All the News that's Fit to Print...
Recently came across something very telling, and justa little too funny, in the Staten Island Advance last week. For those of you who do not know it, the Advance is the local Newhouse Fishwrap for us, the woebegotten residents of Staten Island, NY. It's a local paper full of stuff like wedding announcements, feel-good pap from the local neighborhoods and advertisements for local businesses. If it wasn't for the comics, it would not be worth reading at all.
Anyway, the Advance does try, at least, to look like a real newspaper. It carries AP reports on just about everything, or occasionally, has a reporter of it's own write something. One of these reporters recently was detailed to cover a story in which a local couple's home was raided by police and federal agents (April 29th edition). The authorities found a virtual arsenal inside the home, weapons, ammunition, and even some minor explosives.
Somewhere in this story, however, the reporter (Jeff Hemmel) somehow decided that this little tidbit of information was relevant to the story. I quote:
"Politically, Boschi (one of the suspects) is a registered member of the Conservative Party."

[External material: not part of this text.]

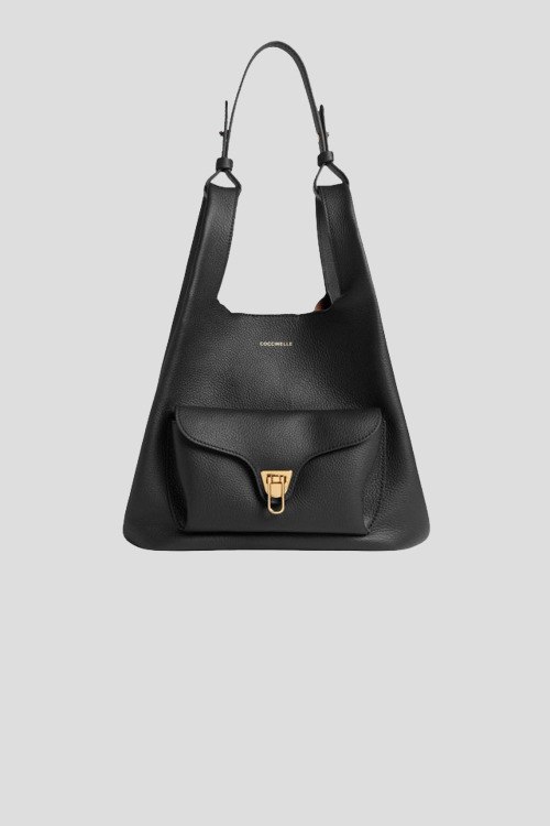 Детали: Женская черная кожаная сумка-тоут Beat от Coccinelle (Кочинелле). Модель из зернистой кожи, логотип спереди, золотистая фурнитура, отстегивающийся карман-клапан, застежка на магнит, две ручки, одно отделение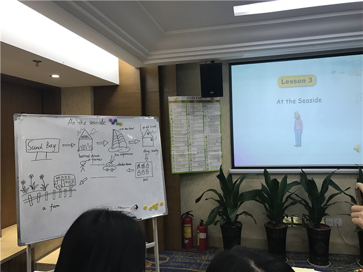 第二天上午的主題是自然拼音教學(xué),是由講師為我們講解自然拼讀教學(xué)的意義、目標、核心原則與方法,同時還展示了課堂實操,讓我們更直觀地理解了自然拼讀法的意義和具體操作方式。在學(xué)習了上午的理論知識后,下午我們所有學(xué)員分組進行故事教學(xué)設(shè)計與展示,我們被分到了第五組,我們與同組的老師們在很短的時間內(nèi)完成了At the Seaside教學(xué)設(shè)計和講故事的設(shè)計,其中我們的亮點是簡筆畫教學(xué)和分層教學(xué),給現(xiàn)場的老師們留下了深刻的印象。

Why is that in there? How did that get through the editorial process? The answers, of course, have nothing to do with the press and their first duty to humanity, which is to disseminate information, but has everything to do with the media's belief that they have a sacred duty to shape public opinion the right way. They're way.
The message from this one line is, simply: All conservatives are gun-wielding, ammo hoarding fanatics, secretly stockpiling arms and explosives to begin a counter-revolution that will send us back to the ghastly days before Jimmy Carter. Conservative are evil mental cases that have no regard for anyone but themselves and who would endanger an entire neighborhood by having a houseful of guns and ammo.

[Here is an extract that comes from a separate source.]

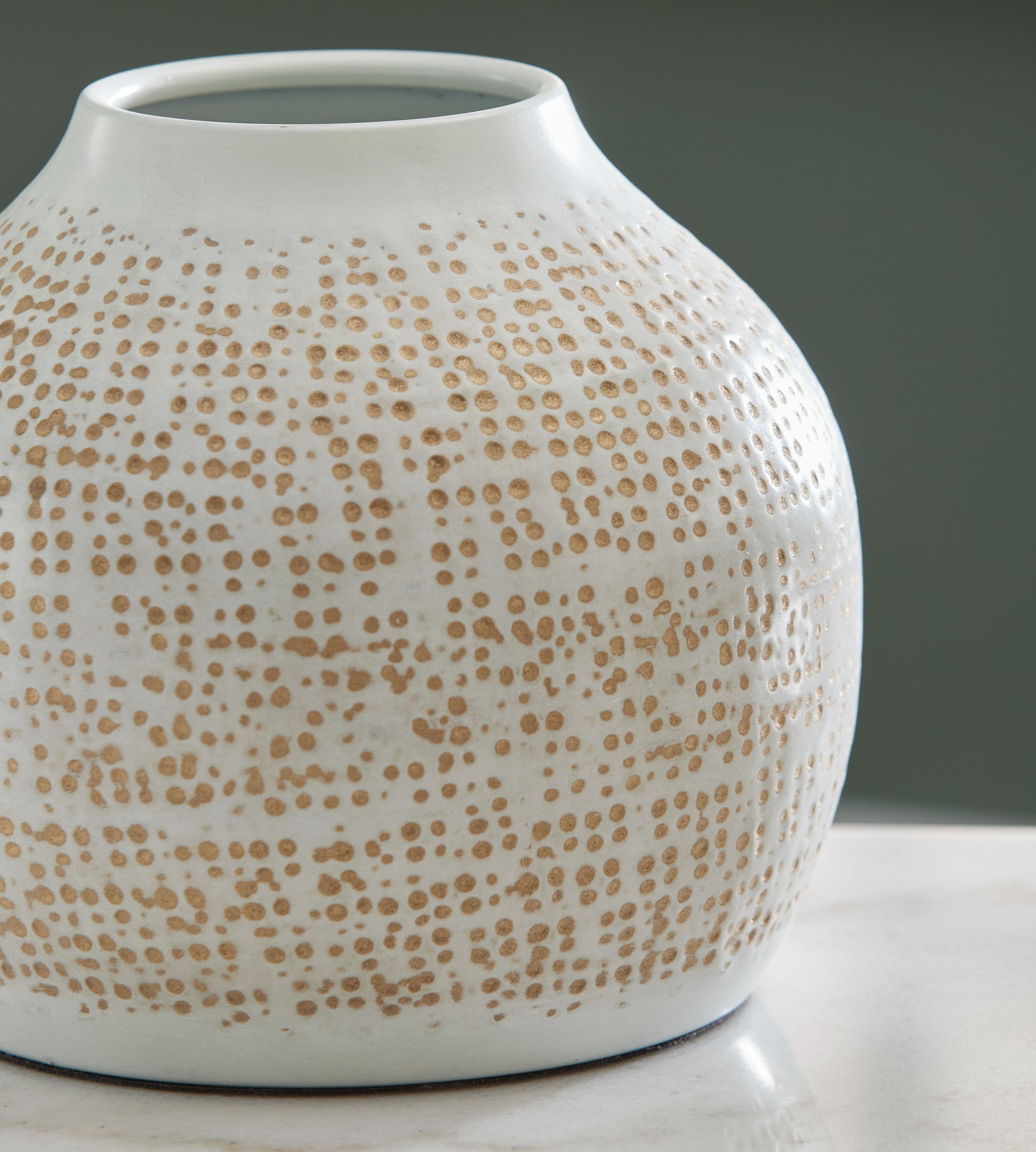 Elevate your decor with this striking accessory set. Its sleek white vases, adorned with delicate goldtone accents, are perfect for displaying your favorite faux blooms or standing alone as minimalist statements. They're paired with bold geometric sculptures, creating a dynamic and sophisticated look for modern spaces.

Mr. Hemmel is probably just trying to advance (no pun intended) his career; perhaps you must prove your liberal credentials to the New York Times or something like that. What better way than to make sure that your work includes irrelevant information, but irrelevant information that makes a political statement?

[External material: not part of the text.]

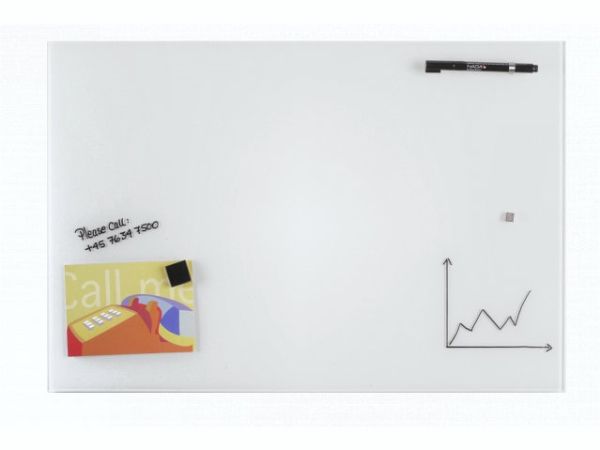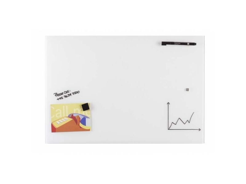 40 x 60 cm. Hvid Magnetisk GlastavleEn magnetisk glastavle kan bruges som opslagstavle ved brug af stærke magneter. Glasset giver et elegant udtryk og er samtidig en praktisk vægdekoration.Bemærk! Kun super stærke magneter kan bruges på glastavlen. Magneter medfølger ikke. Der skal anvendes stærke magneter af materialet neodymium, da magneten skal nå igennem til metallaget bagerst på tavlen. Magneter der skal anvendes på NAGA glastavler skal være kraftige neodym magneter.Skriv på glasset med en kridt marker, eller med en almindelig whiteboard marker. Når teksten er tør, kan den nemt viskes ud igen, brug en tavlesvamp eller en tør klud. Til grundig rengøring skal du bruge tavlerens eller almindeligt glaspudsemiddel og en blød klud. Det er vigtigt, at du bruger en blød klud for at undgå at ridse glasset.Ophæng: Der medfølger skruer og rawlplugs samt en boreskabelon. Stålbagsiden på tavlen har huller i hvert hjørne, så tavlen er nem at hænge op. Se monteringsvejledning under vejledninger. Tavlen kan hænges vandret eller lodret.Tavletilbehør kan tilkøbes.

I myself never read the Staten Island Advance because it's a piece of crap with political pretense on every page, and never would have seen this story if I didn't have to take a dump at my sister's house and grabbed the first newspaper that came into view. Just my luck it was a week old, I guess.
The media is clueless. They continue to be obvious with their insanity and then wonder why no one buys newspapers or watches network news anymore.